[gmx-users] Help on MD performance, GPU has less load than CPU.
Mark Abraham
mark.j.abraham at gmail.com
Tue Jul 11 15:24:26 CEST 2017
Hi,
I'm genuinely curious about why people set ewald_rtol smaller (which is
unlikely to be useful, because the accumulation of forces in single
precision will have round-off error that means the approximation to the
correct sum is not reliably accurate to more than about 1 in 1e-5), and
thus pme_order to large values - second time I've seen this in 24 hours. Is
there data somewhere that shows this is useful?
In any case, it a) causes a lot more work on the CPU, and b) only 4 (and to
a lesser extent, 5) is optimized for performance (because there's no data
that shows higher order is useful). And for free-energy calculation, that
extra expense accrues for each lambda state. See the "PME mesh" parts of
the performance report.
Guessing wildly, the cost of your simulation is probably at least double
what the defaults would give, and for that cost, I'd want to know why.
Mark
On Mon, Jul 10, 2017 at 5:02 PM Davide Bonanni <davide.bonanni at unito.it>
wrote:
> Hi,
>
> I am working on a node with Intel(R) Xeon(R) CPU E5-2630 v3 @ 2.40GHz, 16
> physical core, 32 logical core and 1 GPU NVIDIA GeForce GTX 980 Ti.

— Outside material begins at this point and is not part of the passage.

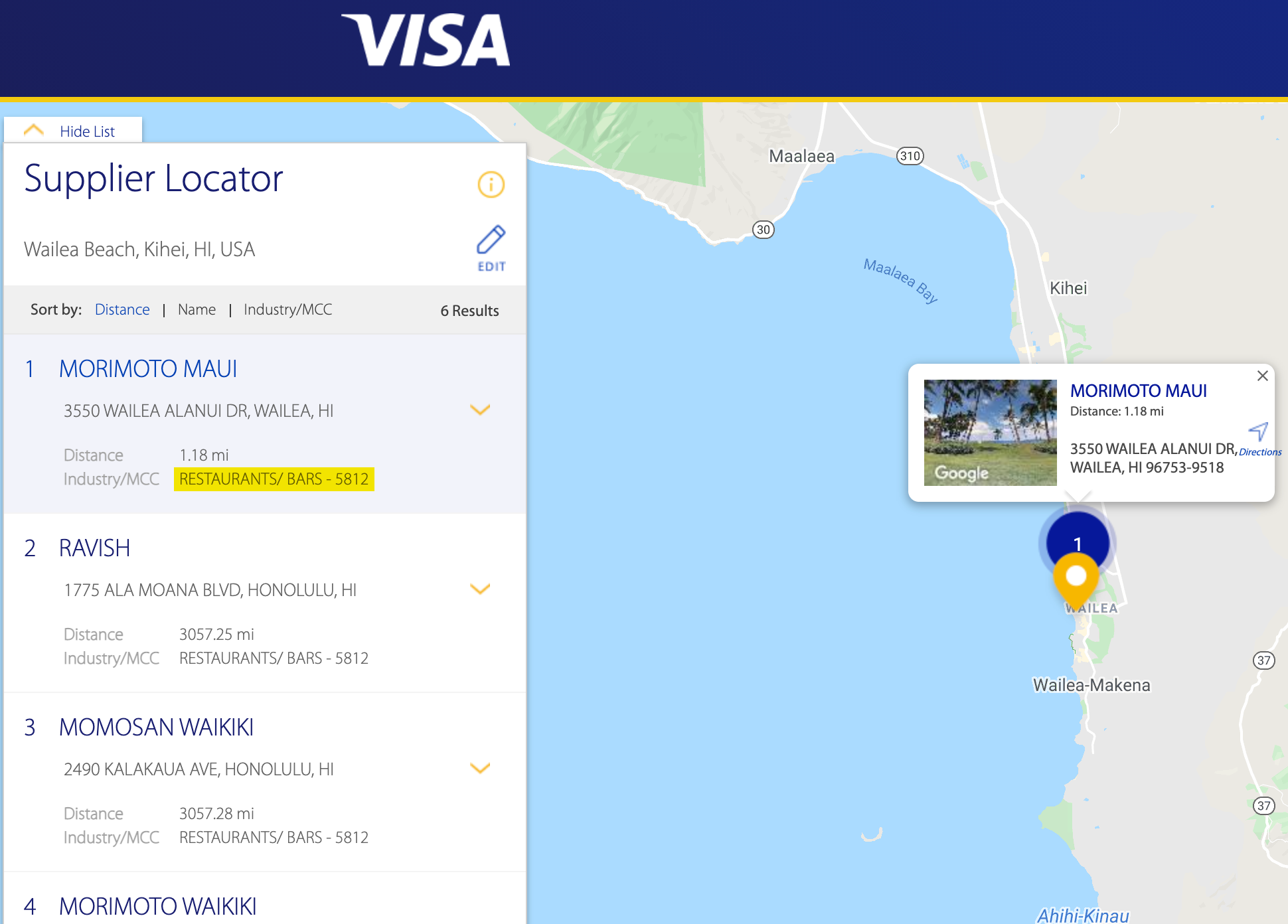 The Andaz Maui possesses a handful of quality dining options. On the premises is Morimoto Maui, an expensive Japanese fusion restaurant. Here it is with the Visa Supplier Locator, coding as "RESTAURANTS/BARS." That's not good. You won't be able to redeem Capital One miles for a meal here.

> I am launching a series of 2 ns molecolar dynamics simulations of a system
> of 60000 atoms.
> I tried diverse setting combination, but however i obtained the best
> performance with the command:
>
> "gmx mdrun -deffnm md_LIG -cpt 1 -cpo restart1.cpt -pin on"
>
> which use 32 OpenMP threads, 1 MPI thread, and the GPU.

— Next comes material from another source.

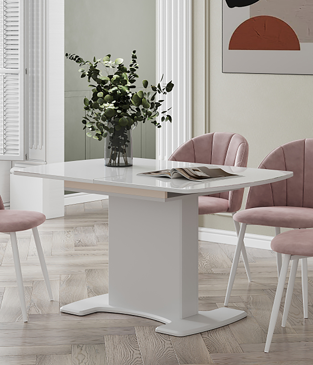Стол на тумбе Палмер - это стильное и практичное решение для вашего интерьера. Невероятно стильный образ белоснежного стола создается благодаря закругленным углам столешницы, плавным очертаниям пьедестала на платформе и сиянию глянцевой столешницы.

> At the end of the file.log of molecular dynamic production I obtain this
> message:
>
> "NOTE: The GPU has >25% less load than the CPU. This imbalance causes
> performance loss."
>
> I don't know how can improve the load on CPU more than this, or how I can
> decrease the load on GPU. Do you have any suggestions?
>
> Thank you in advance.
>
> Cheers,
>
> Davide Bonanni
>
>
> Initial and final part of LOG file here:
>
> Log file opened on Sun Jul 9 04:02:44 2017
> Host: bigblue pid: 16777 rank ID: 0 number of ranks: 1
> :-) GROMACS - gmx mdrun, VERSION 5.1.4 (-:
>
>
>
> GROMACS: gmx mdrun, VERSION 5.1.4
> Executable: /usr/bin/gmx
> Data prefix: /usr/local/gromacs
> Command line:
> gmx mdrun -deffnm md_fluo_7 -cpt 1 -cpo restart1.cpt -pin on
>
> GROMACS version: VERSION 5.1.4
> Precision: single
> Memory model: 64 bit
> MPI library: thread_mpi
> OpenMP support: enabled (GMX_OPENMP_MAX_THREADS = 32)
> GPU support: enabled
> OpenCL support: disabled
> invsqrt routine: gmx_software_invsqrt(x)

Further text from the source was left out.